The consequences for contemporary politics cannot be overestimated. Refusal to come to grips with our defeat in Vietnam — to reflect on the hazards of a morally-charged hubris — lies at the core of our current misfortune. Bush’s advisers came of age in the shadow of that defeat, determined to deny its significance by reasserting imperial power on a grand scale, just as German nationalists had longed to do in the wake of World War I. That dream of national regeneration, combined with our collective amnesia, lets the Bush administration ignore the growing parallels between the failed policy in Iraq and the failed precedent in Vietnam: the millennial fantasies used to justify the war; the ignorance of local culture and custom; the reiteration of empty platitudes as chaos looms; the fetish of “free elections;” the soldiers trapped in an impossible assignment — as vulnerable to local hostility as any Western army of occupation has ever been, in any country with a history of colonial domination.
The most important parallel is the government’s inability to tell the truth about the war.
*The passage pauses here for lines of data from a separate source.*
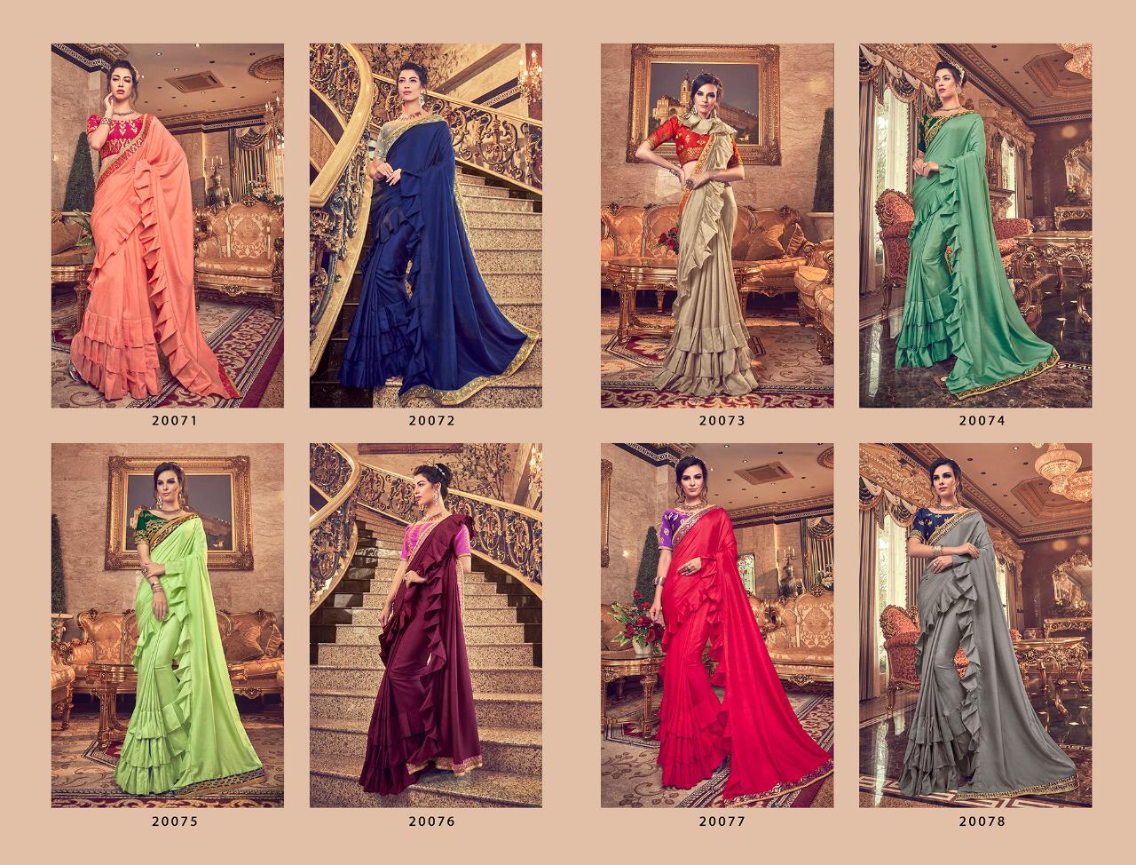 Buy Online Cindrella By Shangrila 20071 Series Designer Dola Silk Party Wear Frill Saree Collection Wholesaler Surat 8 Pcs of Full Catalogue at Wholesale Price. Looking for Cindrella By Shangrila 20071 Series Designer Dola Silk Party Wear Frill Saree Collection Wholesaler Surat Full Catalouge at Best Price? Buy Now Cindrella By Shangrila 20071 Series Designer Dola Silk Party Wear Frill Saree Collection Wholesaler Surat at Wholesale Rate of Rs 7960 with Total 8 Pcs from authroized dealer and supplier of SHANGRILA Brand. Cost of Each piece is just only Rs 995 which is very low and affordable price to resale the product in your retail store ,This is Surat based Wholesale Supplier & Dealer of SHANGRILA Brand. Click on Brand name to Know more about SHANGRILA Brand's products.Call or Whatsapp on 9898838984 for booking or enquiry
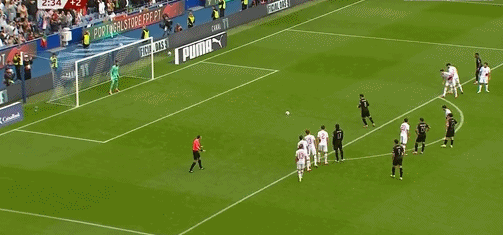79’B费主罚边线球直接旋向球门口,守门员奋力将皮球给托出
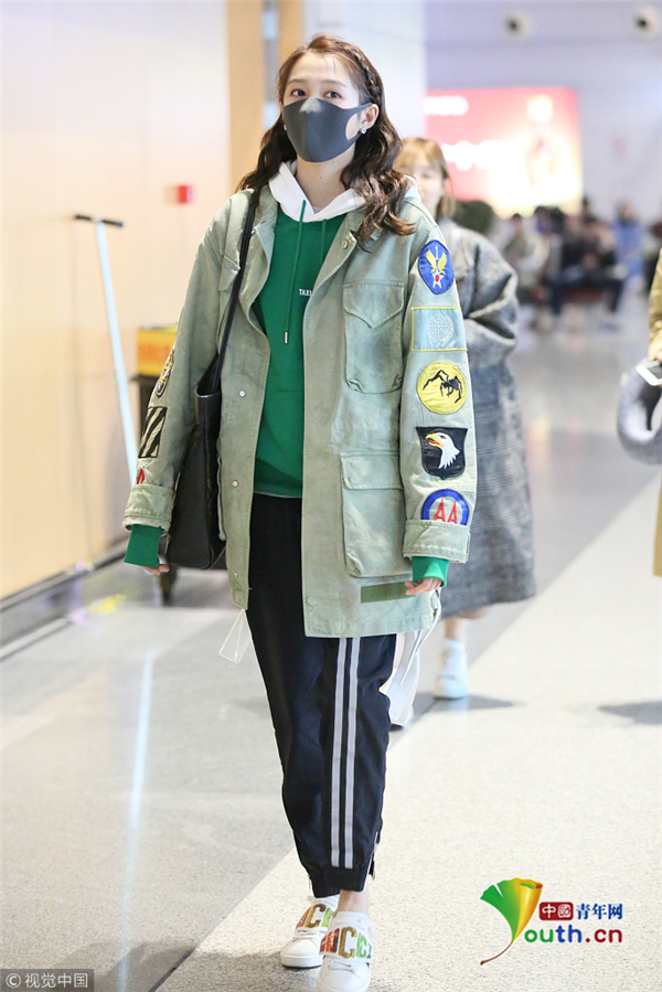 關曉彤穿男友風外套酷中帶甜 摘口罩露清純美貌
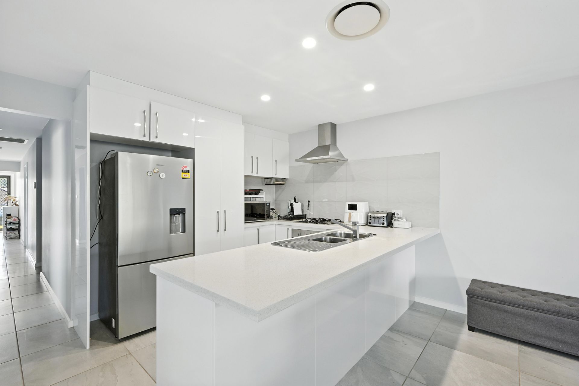 Step inside the wide entry and you'll discover contemporary, fresh décor and a well-designed free-flowing layout with multiple living options. Positioned to the front of the home, there is a formal lounge/ media room, ideal for escaping to watch a movie, or even set it up as a home gym as the current tenants have done. At the heart of the home, the sundrenched open plan living area provides spacious lounge and dining zones and there is a superb kitchen with broad stone benchtops, plenty of storage, plumbed fridge space and all the mod-cons to provide the perfect hub for everyday family entertaining.

The lie at the center of the right-wing Vietnam narrative — the stab-in-the back story — is also central to Bush’s campaign strategy. The belief (against all evidence) that the troops in Vietnam were somehow betrayed by the antiwar movement, rather than by the men who sent them there, remains a powerful rhetorical weapon. It allows Bush and his handlers to equate criticism of government policy with treason — or at best with a failure to “support our troops.” The persistence of this twisted logic underscores the continuing relevance of the young John Kerry’s charge: that the people who have truly abandoned our troops are the policymakers who sent them on a fool’s errand under cover of false claims, and then “retreated behind a pious shield of public rectitude.” They’re doing it again. That is why the Vietnam War still matters.